[Record extracts — start]

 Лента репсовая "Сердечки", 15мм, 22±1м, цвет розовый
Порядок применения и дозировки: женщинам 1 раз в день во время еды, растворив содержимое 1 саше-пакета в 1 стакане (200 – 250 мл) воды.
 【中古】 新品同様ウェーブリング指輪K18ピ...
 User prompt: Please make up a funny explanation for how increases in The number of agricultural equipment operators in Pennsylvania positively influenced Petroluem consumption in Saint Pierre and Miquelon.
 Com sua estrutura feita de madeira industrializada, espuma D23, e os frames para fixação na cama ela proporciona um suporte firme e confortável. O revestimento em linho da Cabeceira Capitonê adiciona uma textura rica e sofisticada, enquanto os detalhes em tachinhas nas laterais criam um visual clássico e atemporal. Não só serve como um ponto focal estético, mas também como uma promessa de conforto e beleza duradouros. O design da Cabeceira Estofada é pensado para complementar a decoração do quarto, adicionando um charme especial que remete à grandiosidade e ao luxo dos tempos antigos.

[Record extracts — finish]
[Record extracts — start]

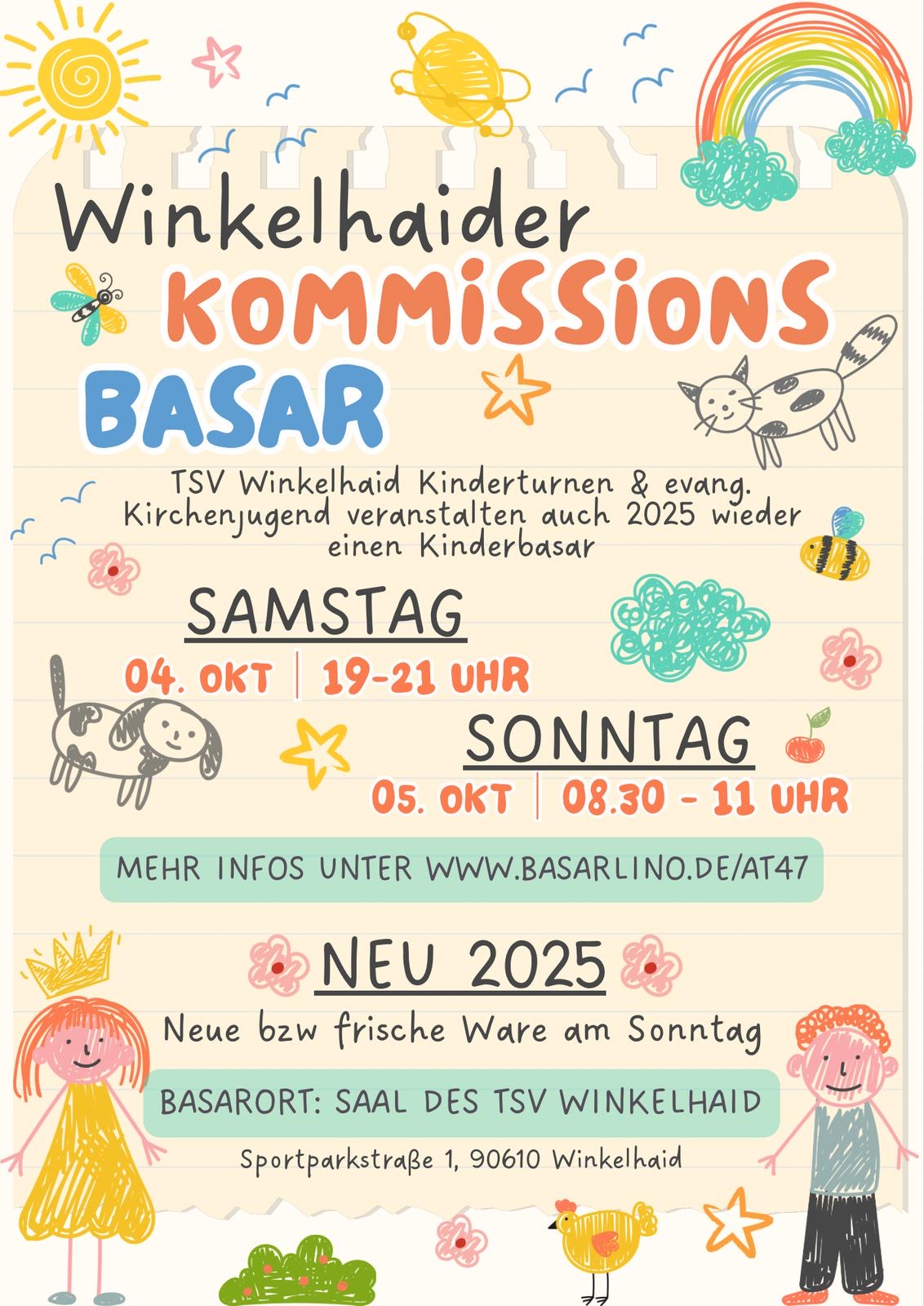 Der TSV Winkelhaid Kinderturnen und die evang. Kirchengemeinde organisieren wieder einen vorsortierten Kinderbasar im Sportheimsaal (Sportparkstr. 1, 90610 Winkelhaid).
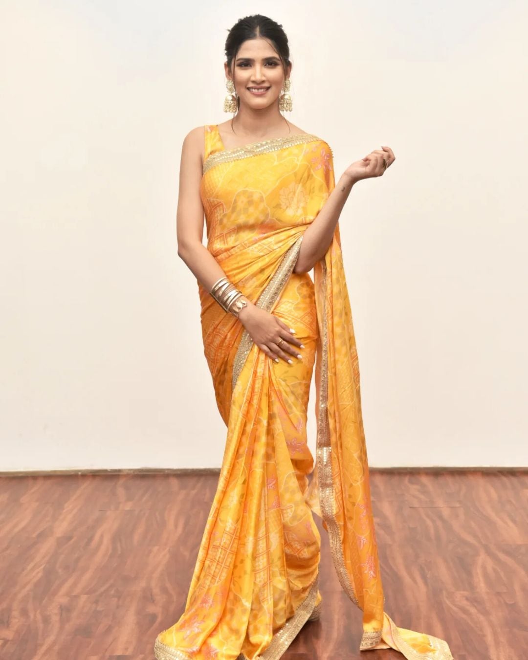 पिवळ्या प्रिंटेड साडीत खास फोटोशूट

[Record extracts — finish]
[Record extracts — start]

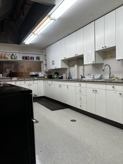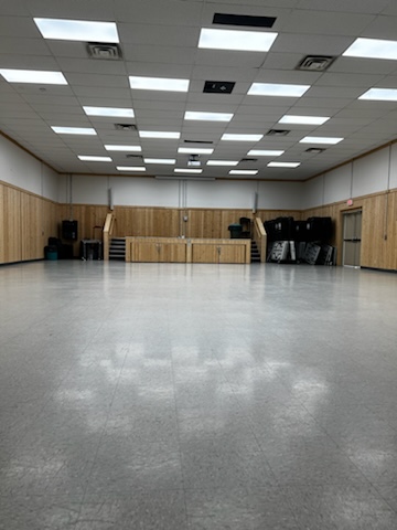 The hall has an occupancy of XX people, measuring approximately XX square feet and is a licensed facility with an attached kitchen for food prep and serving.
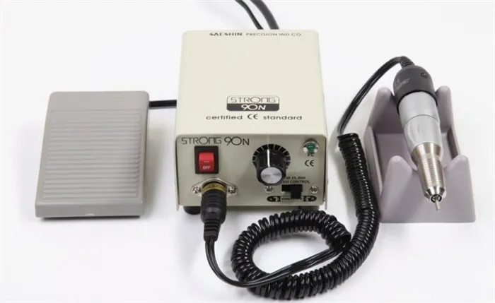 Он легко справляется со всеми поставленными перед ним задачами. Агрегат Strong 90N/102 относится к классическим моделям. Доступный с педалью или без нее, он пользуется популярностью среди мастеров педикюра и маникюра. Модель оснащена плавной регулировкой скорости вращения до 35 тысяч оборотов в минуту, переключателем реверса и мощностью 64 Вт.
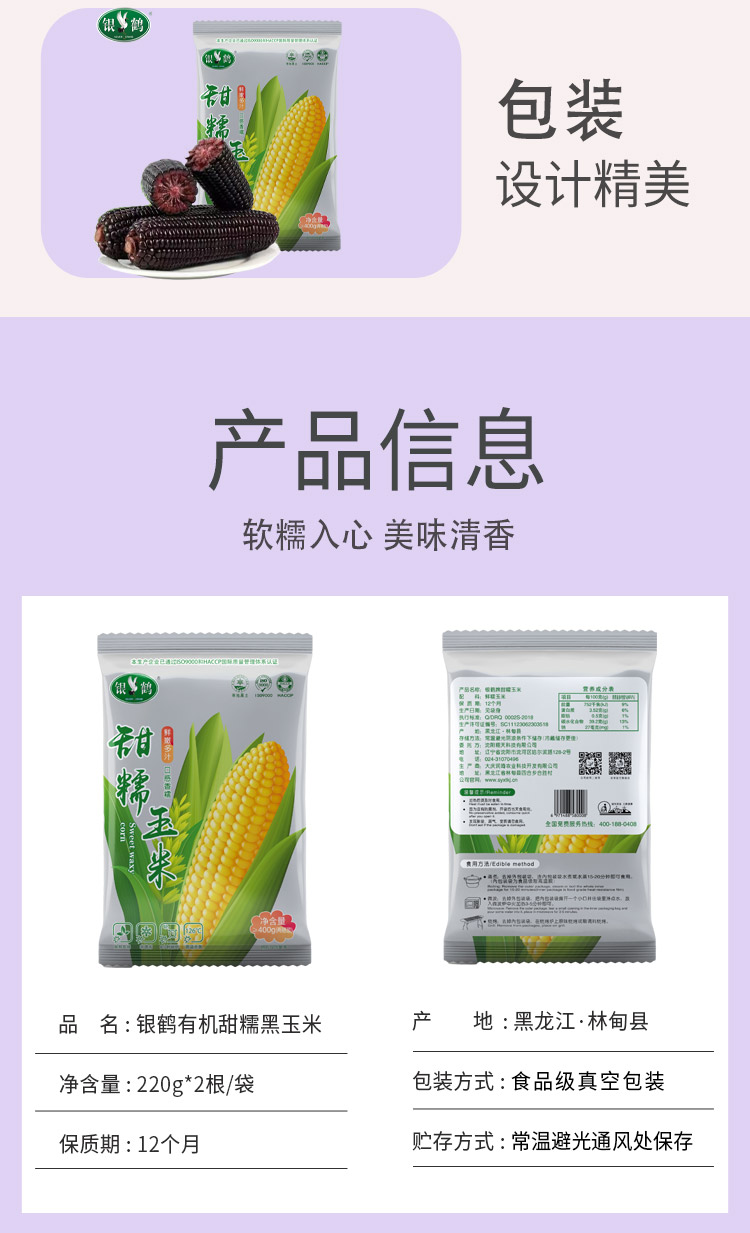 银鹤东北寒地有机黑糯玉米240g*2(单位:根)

[Record extracts — finish]

About this exercise: All that belongs in the answer is the run of lines above from the line containing "22±1м, цвет розовый" through the line containing "Com sua estrutura", exactly as written.

Result for this task:
 Лента репсовая "Сердечки", 15мм, 22±1м, цвет розовый
Порядок применения и дозировки: женщинам 1 раз в день во время еды, растворив содержимое 1 саше-пакета в 1 стакане (200 – 250 мл) воды.
 【中古】 新品同様ウェーブリング指輪K18ピ...
 User prompt: Please make up a funny explanation for how increases in The number of agricultural equipment operators in Pennsylvania positively influenced Petroluem consumption in Saint Pierre and Miquelon.
 Com sua estrutura feita de madeira industrializada, espuma D23, e os frames para fixação na cama ela proporciona um suporte firme e confortável. O revestimento em linho da Cabeceira Capitonê adiciona uma textura rica e sofisticada, enquanto os detalhes em tachinhas nas laterais criam um visual clássico e atemporal. Não só serve como um ponto focal estético, mas também como uma promessa de conforto e beleza duradouros. O design da Cabeceira Estofada é pensado para complementar a decoração do quarto, adicionando um charme especial que remete à grandiosidade e ao luxo dos tempos antigos.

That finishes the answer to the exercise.